Seven To-Do Items for Users, Internet Engineers and Policymakers.
Event is free and open to the public.
RSVP is required.
Reception - 5:30pm
Workshop - 6:00pm
In this talk, EFF's Technology Projects Director Peter Eckersley will survey the state of Internet security and surveillance in the wake of Edward Snowden's revelations. It is unlikely that we can protect most Internet users against sophisticated, targeted attacks by their own and other governments, but there is more reason to be optimistic that we might shield the bulk of users' data against the type of dragnet surveillance that the US and other governments are conducting.
Peter will discuss the things that individual users can currently do to achieve stronger communications security; the (often very subtle) technical aspects to deploying HTTPS/TLS/SSL securely on the server side; some of the important places where our existing protocols are letting us down from a security and privacy perspective; the terrible dynamics of cross border-surveillance; and what we could do to change all of this.

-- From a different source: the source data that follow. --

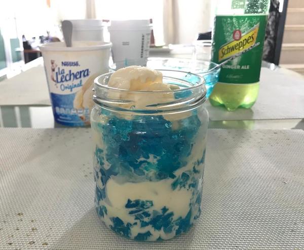 日本ではバニラアイスやヨーグルトを使用しているようですが、メキシコのバニラアイスは黄色みが強いのと、ヨーグルトも適度な硬さがないため、雲を表現するには向いていないのでどちらも却下。
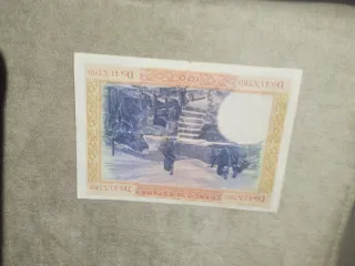 Billete de 100 pesetas del Banco de España, emitido en Madrid el 17 de noviembre de 1970. Presenta el retrato de Manuel de Falla. - Serie: 4K - Número de serie: 2885805 - Fecha de emisión: 17 de noviembre de 1970
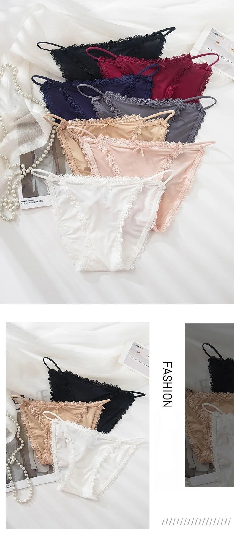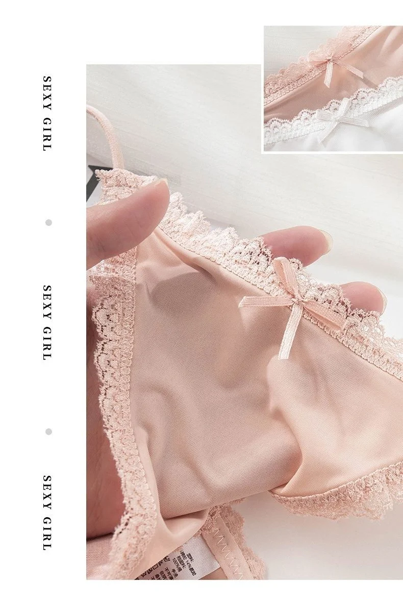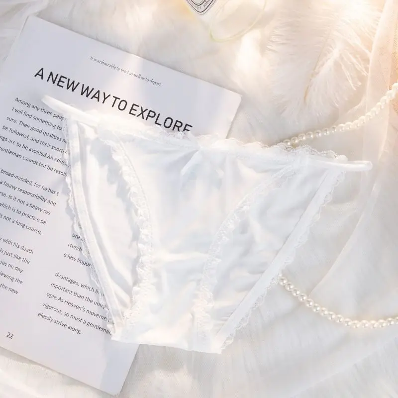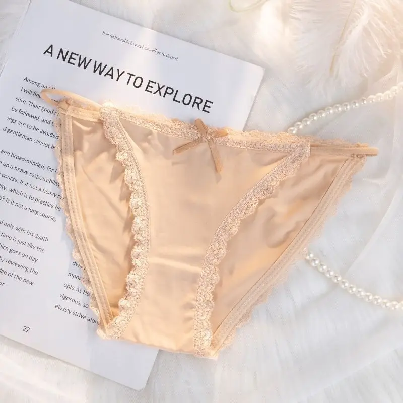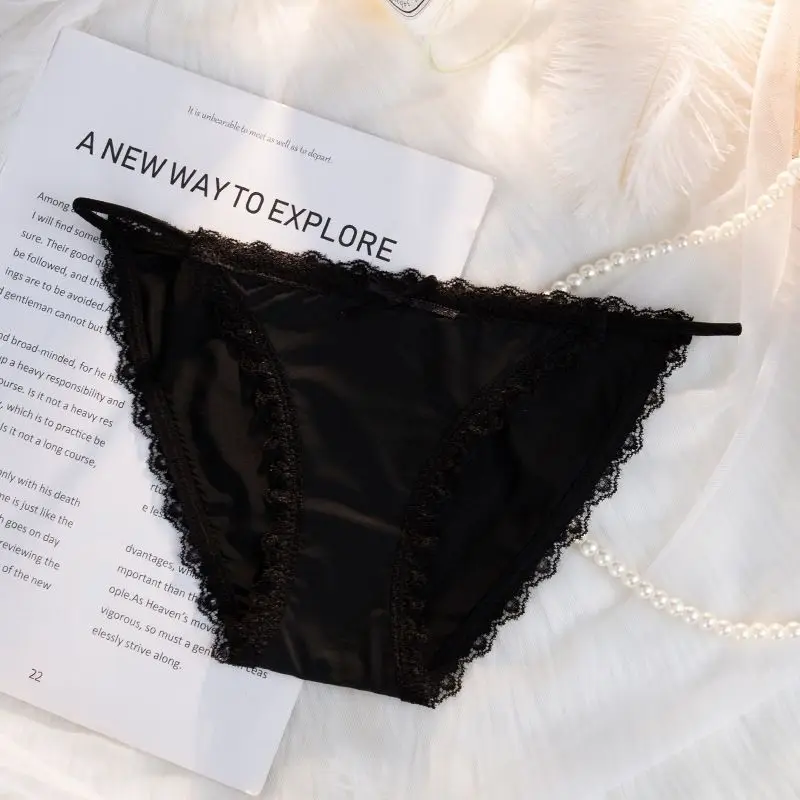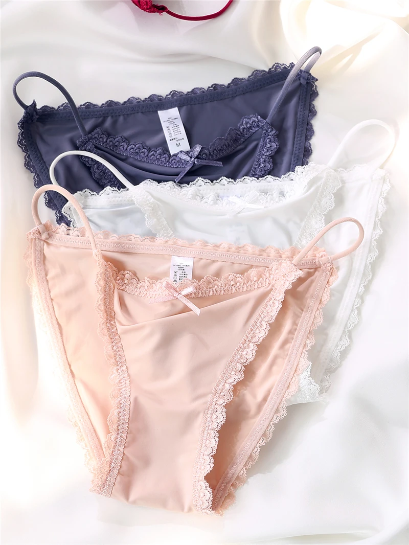 Ice Silk Women's Lace Low Waist Sexy Thong Panties Solid Color Bikini G-String Lingerie
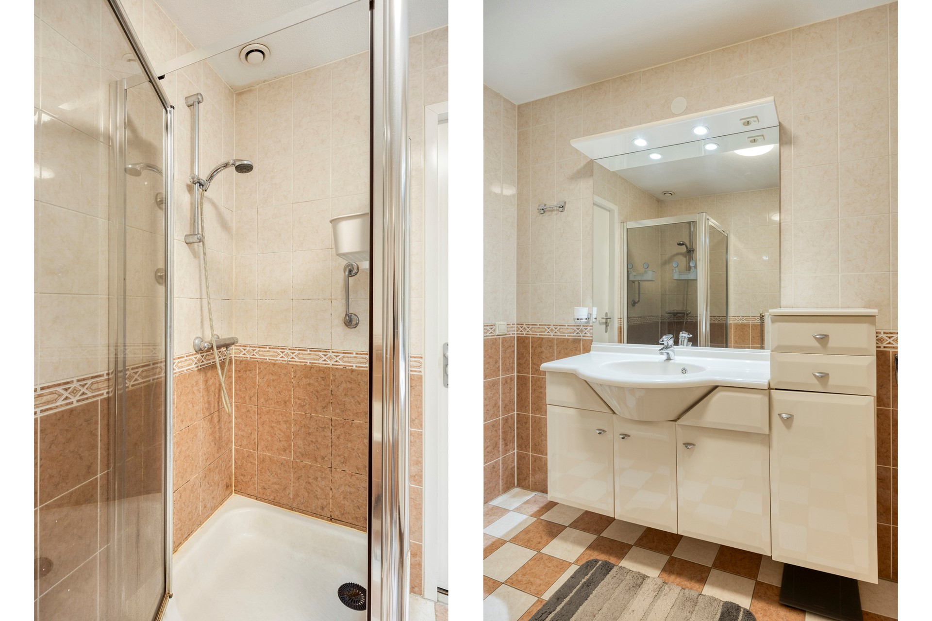 De compleet betegelde badkamer met ligbad en aparte douche is jouw persoonlijke wellnesshoekje. Zet een zacht muziekje op, laat het bad vollopen en kom volledig tot rust na een drukke dag.

Peter Eckersley is Technology Projects Director for the Electronic Frontier Foundation. He keeps his eyes peeled for technologies that, by accident or design, pose a risk to computer users' freedoms—and then looks for ways to fix them. He explains gadgets to lawyers, and lawyers to gadgets. Peter's work at EFF has included privacy and security projects such as Panopticlick, HTTPS Everywhere, SSDI, and the SSL Observatory; helping to launch a movement for open wireless networks; fighting to keep modern computing platforms open; and running the first controlled tests to confirm that Comcast was using forged reset packets to interfere with P2P protocols.
Peter holds a PhD in computer science and law from the University of Melbourne; his research focused on the practicality and desirability of using alternative compensation systems to legalize P2P file sharing and similar distribution tools while still paying authors and artists for their work. He is an affiliate of the Center for International Security and Cooperation at Stanford University.